The synthetic utility of hydrazine compounds in coordination chemistry as well as their remarkable photochromic properties has resulted in continued interest in studies of their stereochemistry (Glaser et al., 1995). The photochromism in hydrazines arises from intramolecular H-atom transfer, together with a change in the π-electron system.
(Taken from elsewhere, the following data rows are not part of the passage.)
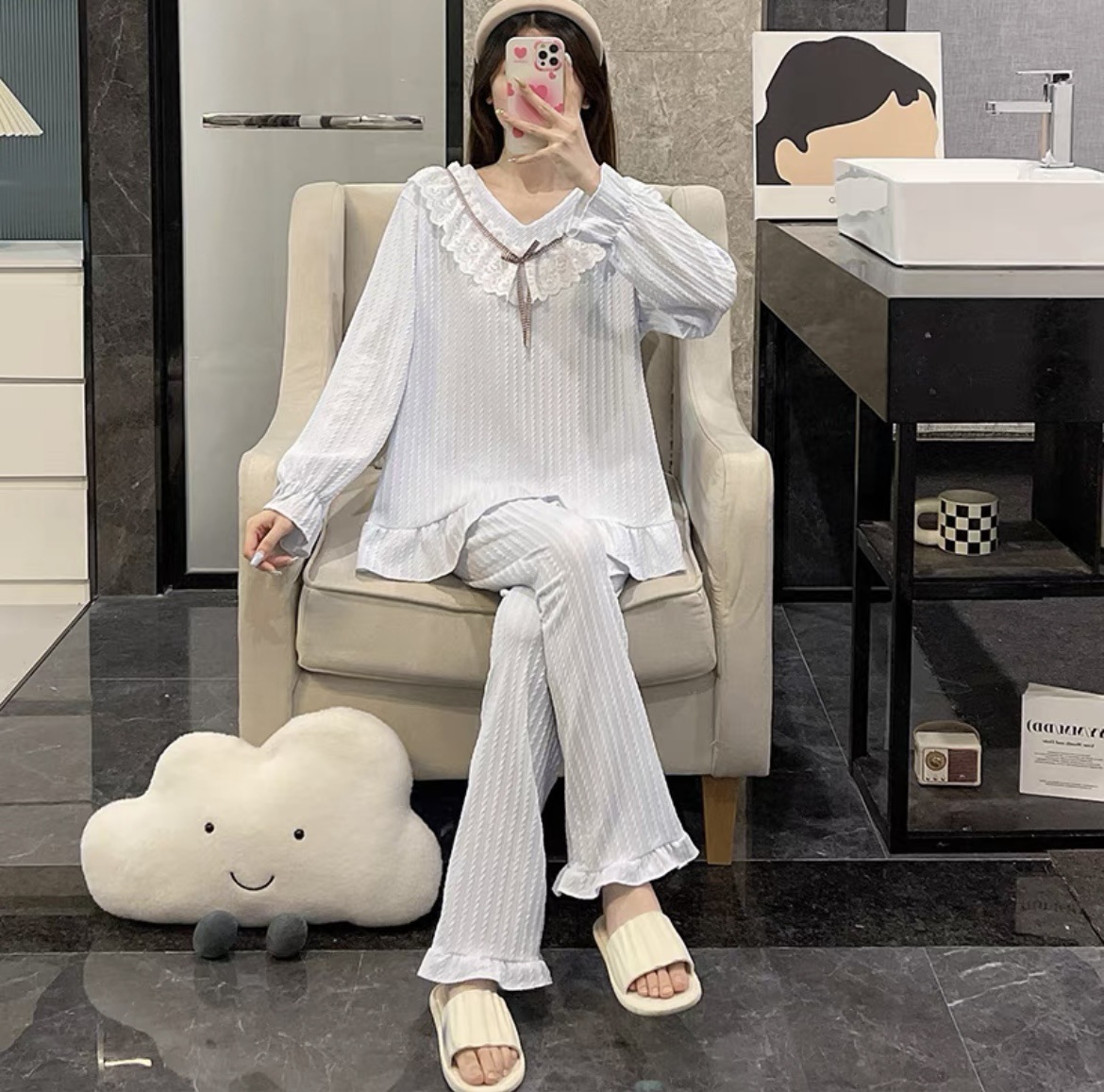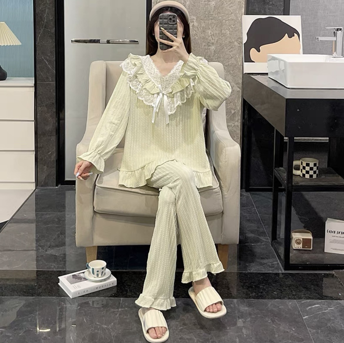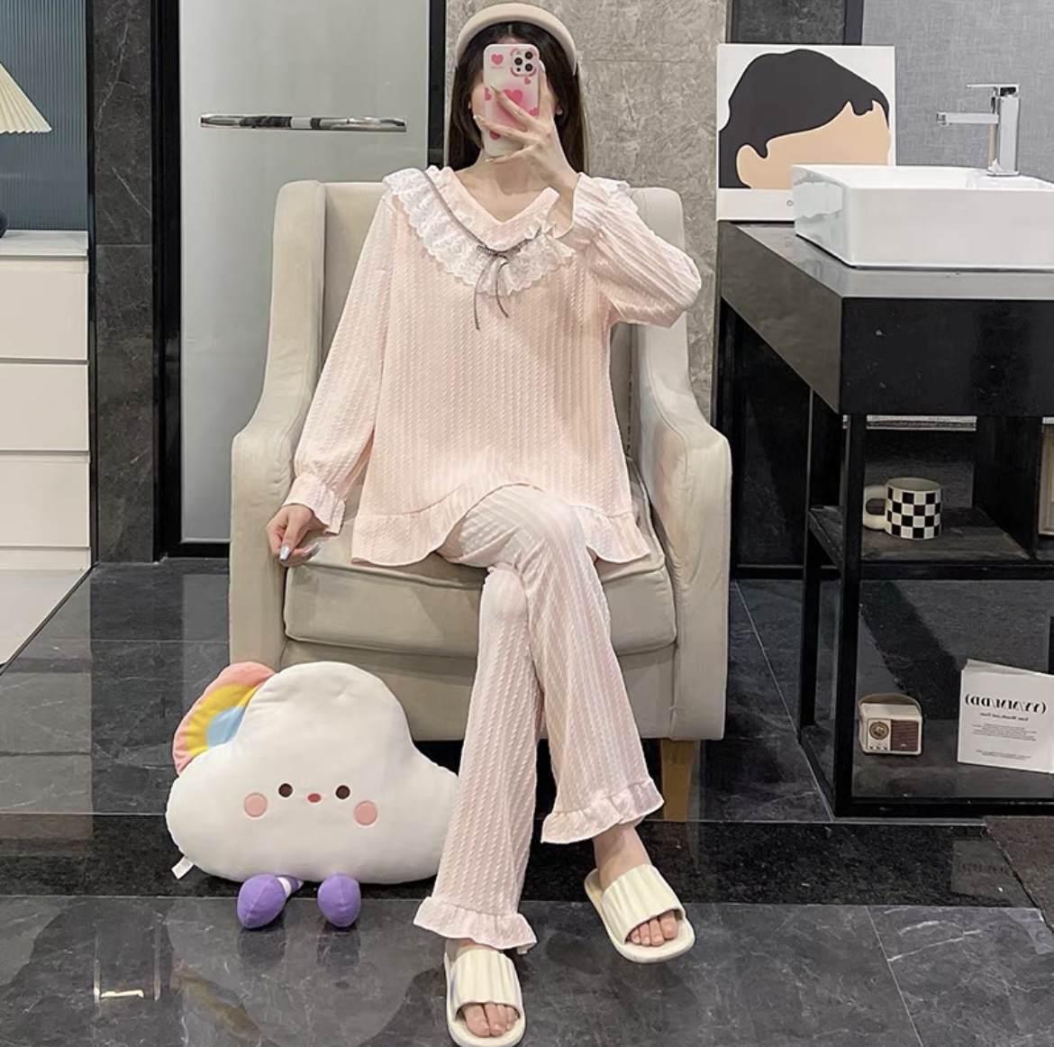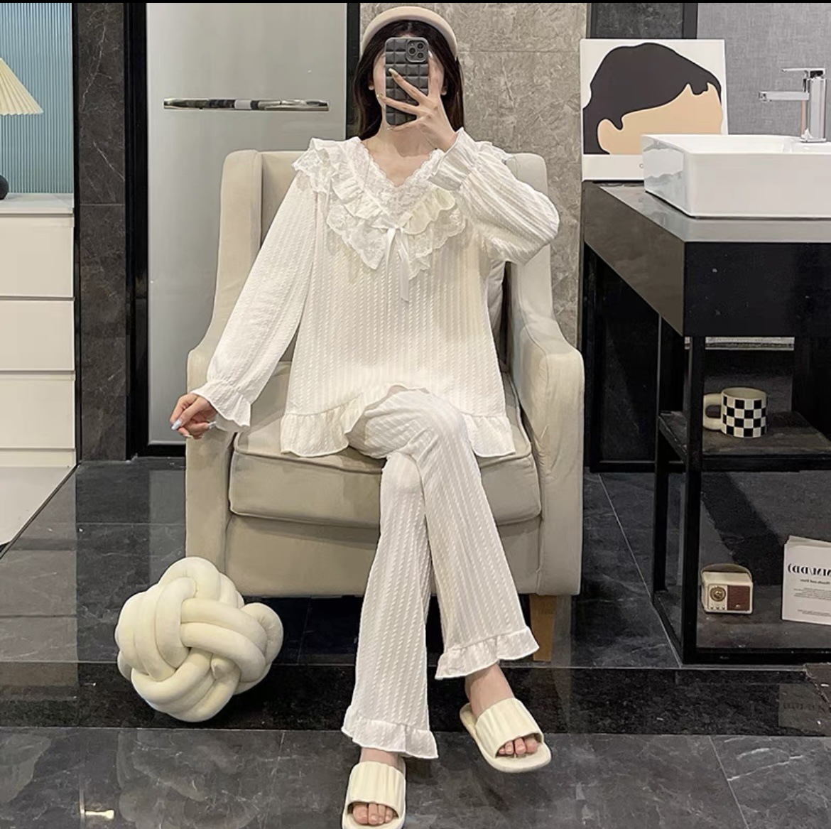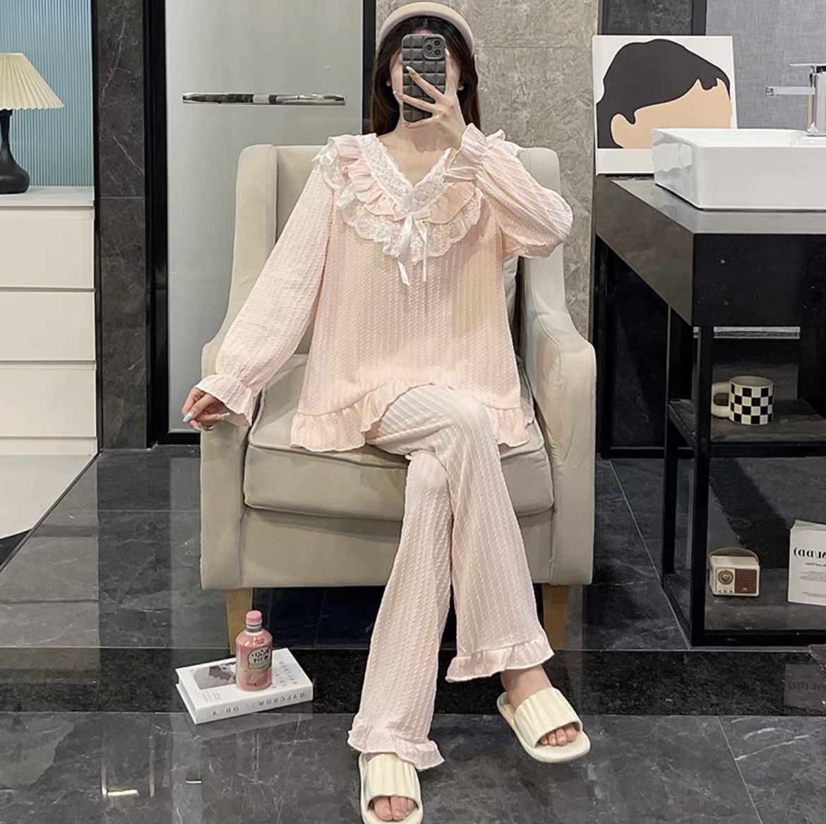 가을 새로운 잠옷 여자의 풀오버 자카드 면 달콤한 공주 스타일 긴 소매 바지 세트 편안한 가정 의류스토어 가기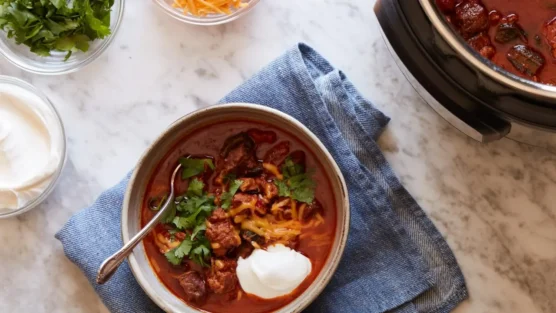 This hearty chili is packed with flavor and ready in a fraction of the time traditional chili takes. The meat is tender, the spices are perfectly balanced, and it’s thick and satisfying without any beans. It’s ideal for casual Christmas Eve gatherings or feeding a crowd on a budget.
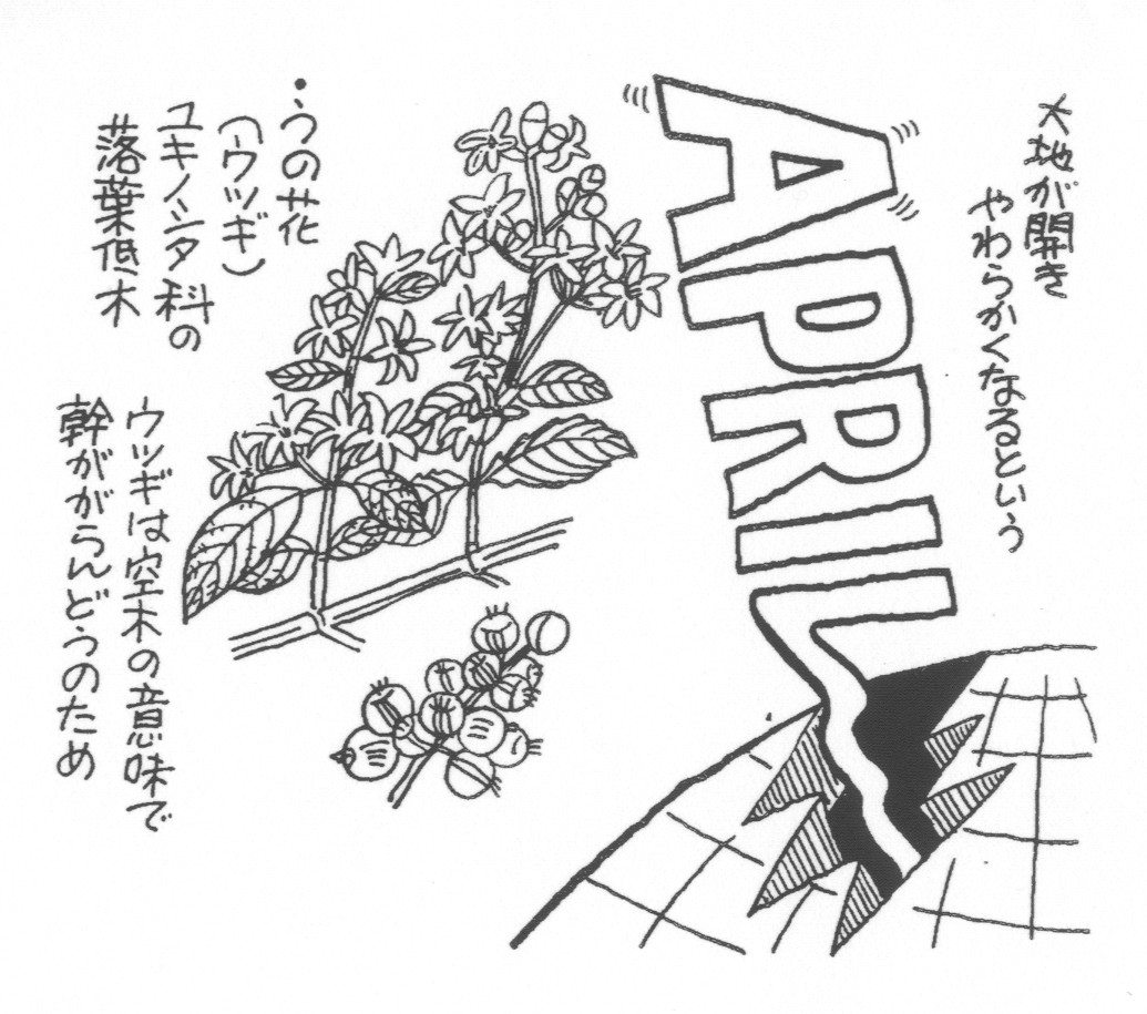 4月は1年の第4番目の月です。日本では旧暦(陰暦)を使っていた時代は、4月を卯月(うづき)と呼びました。卯月とは卯(う)の花(ウツギの花)の咲く月の意味だとも、また農作物の種の「植え月」の意味からきたのだともいわれています。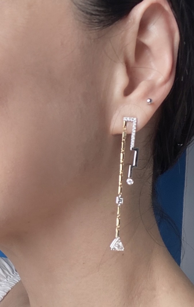 A pair of asymmetrical earrings that you fall in love at first sight - powerful, daring and chic. As the name says, they are inspired by cog machinery parts, and cranes in particular.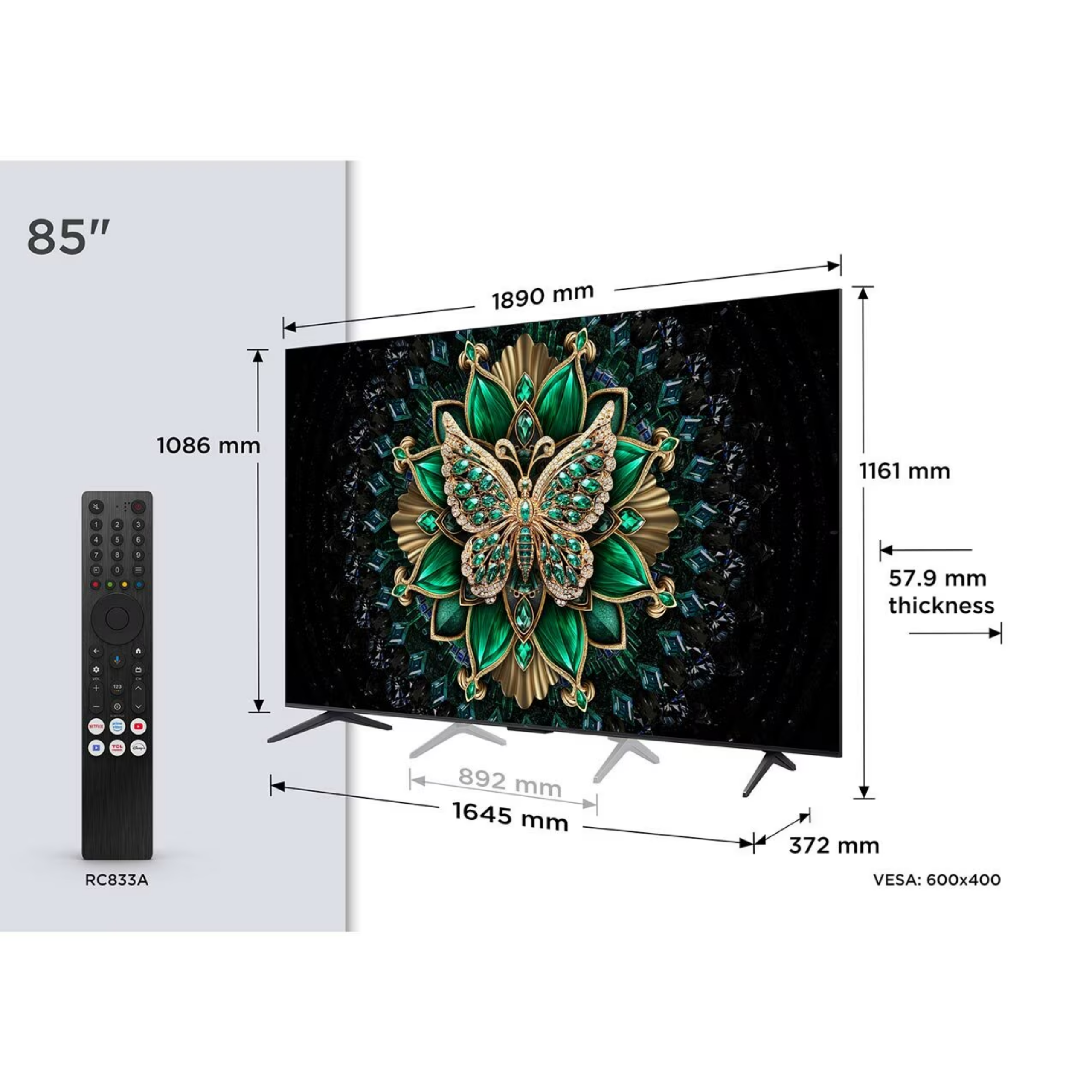 TCL 85 inch QDMINILED TV 85C6K Features: - Series: QDMINILED TV - QD-MiniLED - Precise Dimming Zones - HDR1000nits - 144HzPanel - 288Hz VRR - Onkyo 2.1 Sound - AiPQ Pro - Processor Warranty: 3 Years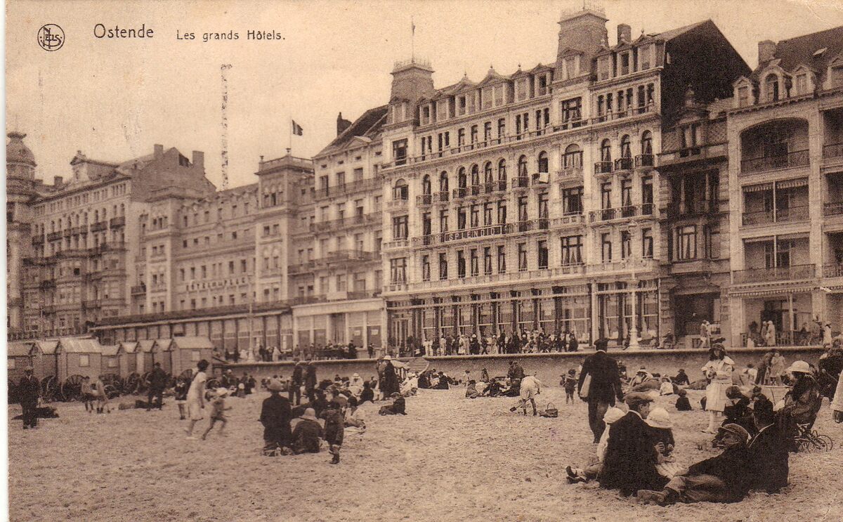 Nels. - Ostende - Les grands hôtels. - De Zeedijk ten westen van het derde Kursaal. Strandrecreatie op het Groot Strand. Van links naar rechts, Hôtel Continental, Hôtel de L'Océan, Hôtel de la Plage, Hôtel Beau Rivage en Hôtel Splendid

To study the effect of intermolecular interactions, such as π···π charge transfer or hydrogen bonding, on H-atom transfer processes, solid state structure analyses of a number of hydrazine compounds containing both a diamine linkage and N—N bonding have been reported in the literature (Liu et al., 2007; Xu & Hu, 2007; Zheng et al., 2006) We report here the synthesis and molecular structure of the title benzylidenehydrazine derivative(I).
As observed in many symmetric azines with an E, E configuration (Glidewell et al., 2006), the molecule of (I) possesses a crystallographically imposed center of symmetry at the mid-point of the N—N bond (Fig. 1). Consequently the asymmetric unit consists of half of the molecule. The central –CH=N—N=CH– fragment is strictly planar, but as a whole the molecule is not planar; the benzoyloxy group (C8—C14, O1, O2) is rotated about the O1—C7 bond by 78.7 (2)° with respect to the plane of the benzylidene hydrazine moiety (C1—C7, N1). The single-bond character of N1—N1i[1.408 (2) Å] and the double-bond character of C1=N1[1.274 (2) Å] indicate a lack of delocalization of π-electrons, while the planar structure of >C=N—N=C< chain indicates π configuration. The C=N—N angle [11.4 (2)°] in (I) is significantly smaller than the ideal sp2value of 120°, as consequence of repulsion between the nitrogen lone pairs and the adjacent C=N bond.
The supramolecular aggregation in (I) is determined by C—H···π (arene) hydrogen bond and aromatic π···π stacking interactions. The aryl C5 atom in the ring at (x, y, z) is part of the molecule centered across (0, 0, 0) and acts as a hydrogen bond donor to the aryl ring (C9—C14) at (-1 + x, 1 + y, z), which forms part of the molecule centered across (-1, 1, 0). Propagation of this hydrogen-bond forms a chain running parallel to the [11 0] direction (Fig. 2). The phenyl rings (C9—C14) at (x, y, z) and (1 - x, 1 - y,1 - z) are components of the molecules across the inversion centers at (0, 0, 0) and (1 - x, 1 - y, 1 - z), respectively. These strictly parallel rings with an interplanar spacing of 3.464 (1) Å, the ring-centroid separation of 3.900 (1)Å and the centroid offset of 1.79Å lead to the formation of a π-stacked chain of centrosymmetric molecules running parallel to the [1 1 1] direction (Fig. 2).The combination of the [110] and [1 1 1] chains generates a (100) sheet.